» Problem requirements: Please output, exactly and without pictures, the lines from the opening of the listing below through the line containing "kaputtgemacht ]] | ||", both included.
[Opening Given data section]
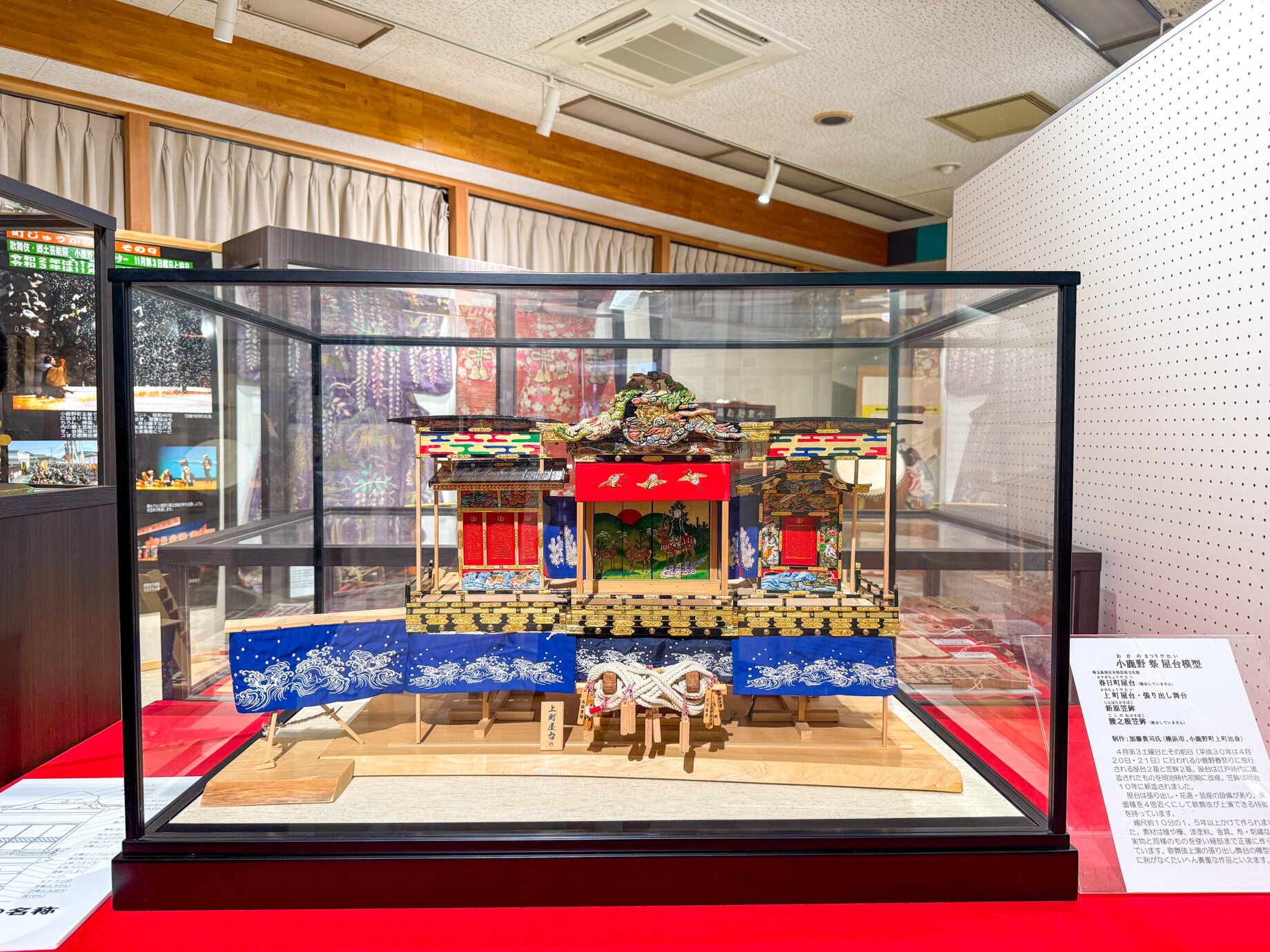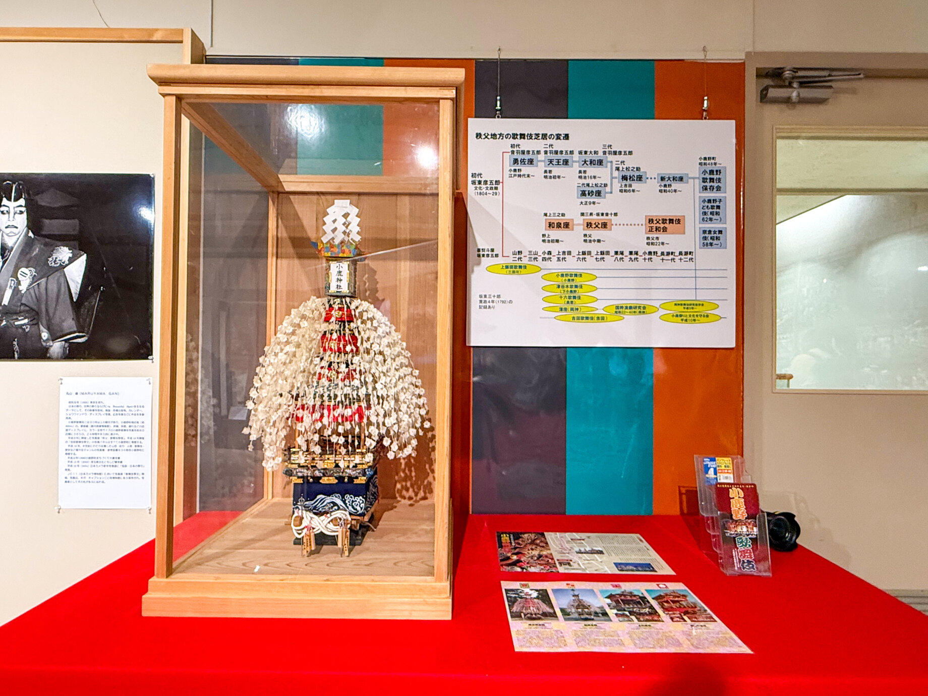 今でもおがのまちでは、町内に6カ所ある歌舞伎の伝承地で年に数回の公演が行われていて、そのさまざまな演目の動画を見られるのも「小鹿野歌舞伎さろん」ならでは。地域によっては祭り屋台(山車)に芸座・花道を張り出す舞台や、麦わらぶきの舞台も現存していたりと、その多様な様子も模型や写真で学べます。さらに下座音楽の楽器に実際に触れることも。お祭りなどで実際に“小鹿野歌舞伎”を経験する前後に、ここで歴史や概要に触れると、より“小鹿野歌舞伎”への興味が深まるかもしれません。
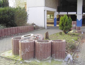 [[Bild:Anlehnstelen.jpg|framed|'''Anfang Mai 2010 wurden diese "Anlehnstelen" vor der Bibliothek errichtet (von wem?). Sie werden NIE genutzt, dieses Foto ist GESTELLT. ]] | [[Bild:Anlehnstelen.jpg|framed|'''Anfang Mai 2010 wurden diese "Anlehnstelen" vor der Bibliothek errichtet (von wem?). Sie werden NIE genutzt, dieses Foto ist GESTELLT. Aktualisierung: Eine der schwarzen Kunststoffköpfe wurde im Sommer 2012 kaputtgemacht ]] | ||
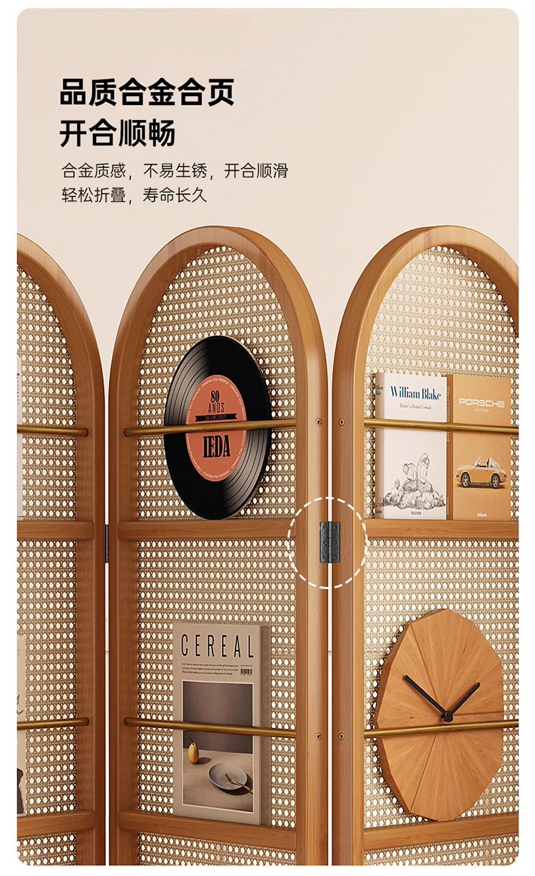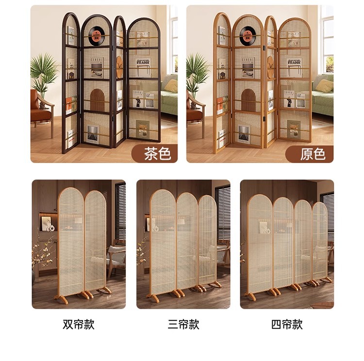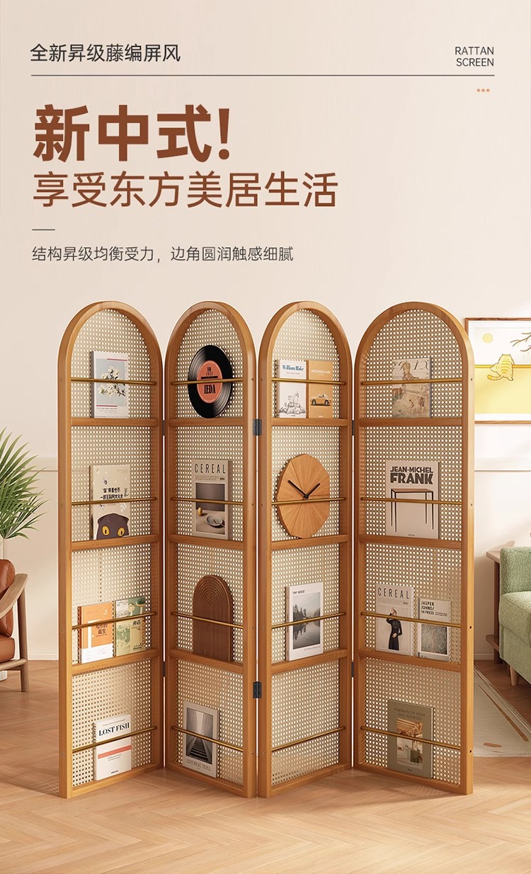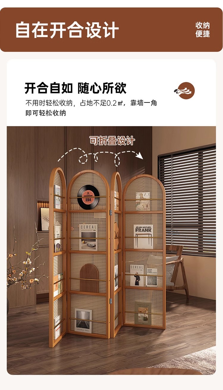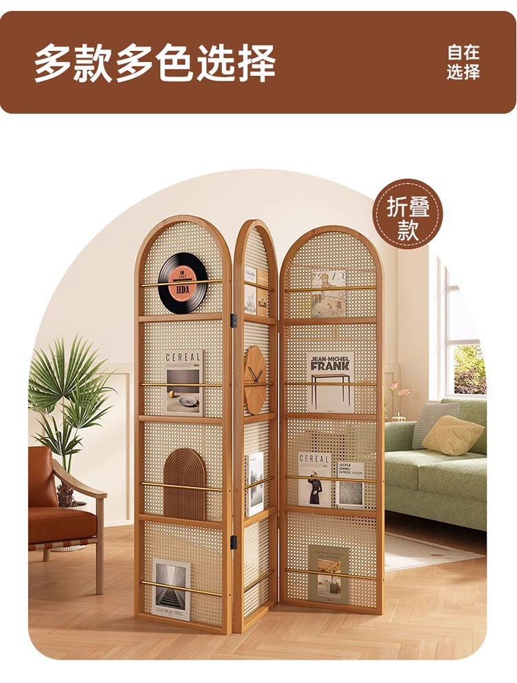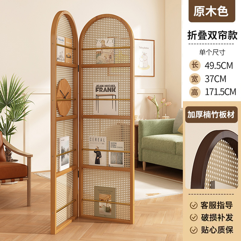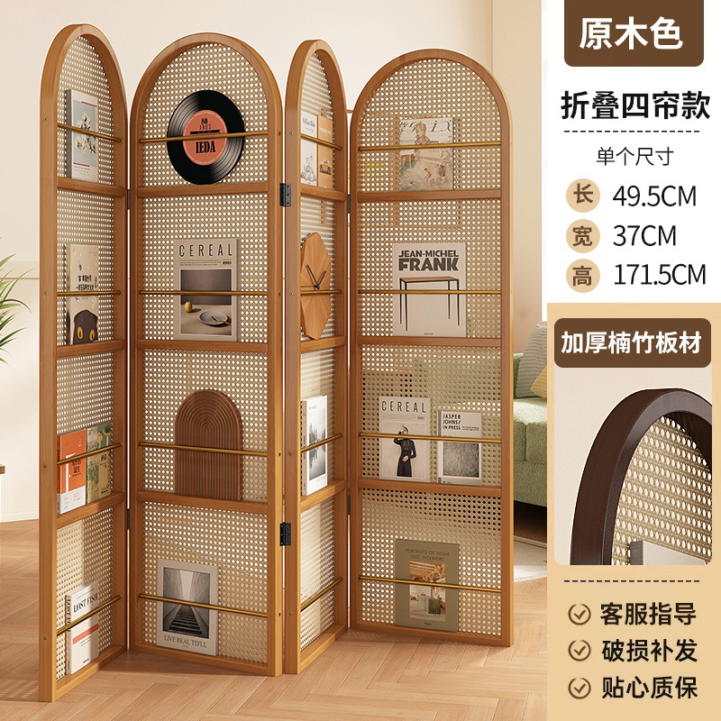 일본식 등나무 스크린 파티션, 거실용 원목 접이식 이동식 소형 아파트 입구 마감재 잡지 책장, 속이 빈 디자인스토어 가기
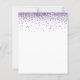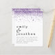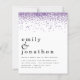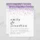 Lila Glitzer Confetti Hochzeitseinladung. Ein Preis SMALLER 4,5" x 5,6" Alternative. Umschläge sind optional und etwas größer als die Kartengröße. Ihre Vornamen sind groß in stilvollen Kleinbuchstaben mit den Details unten. Personalisieren Sie den Text einfach. An beiden Seiten oben ist eine Glasgrenze von Imitaten Glitzer Konfetti in lila.
[Closing Given data section]
» Response below:
 今でもおがのまちでは、町内に6カ所ある歌舞伎の伝承地で年に数回の公演が行われていて、そのさまざまな演目の動画を見られるのも「小鹿野歌舞伎さろん」ならでは。地域によっては祭り屋台(山車)に芸座・花道を張り出す舞台や、麦わらぶきの舞台も現存していたりと、その多様な様子も模型や写真で学べます。さらに下座音楽の楽器に実際に触れることも。お祭りなどで実際に“小鹿野歌舞伎”を経験する前後に、ここで歴史や概要に触れると、より“小鹿野歌舞伎”への興味が深まるかもしれません。
 [[Bild:Anlehnstelen.jpg|framed|'''Anfang Mai 2010 wurden diese "Anlehnstelen" vor der Bibliothek errichtet (von wem?). Sie werden NIE genutzt, dieses Foto ist GESTELLT. ]] | [[Bild:Anlehnstelen.jpg|framed|'''Anfang Mai 2010 wurden diese "Anlehnstelen" vor der Bibliothek errichtet (von wem?). Sie werden NIE genutzt, dieses Foto ist GESTELLT. Aktualisierung: Eine der schwarzen Kunststoffköpfe wurde im Sommer 2012 kaputtgemacht ]] | ||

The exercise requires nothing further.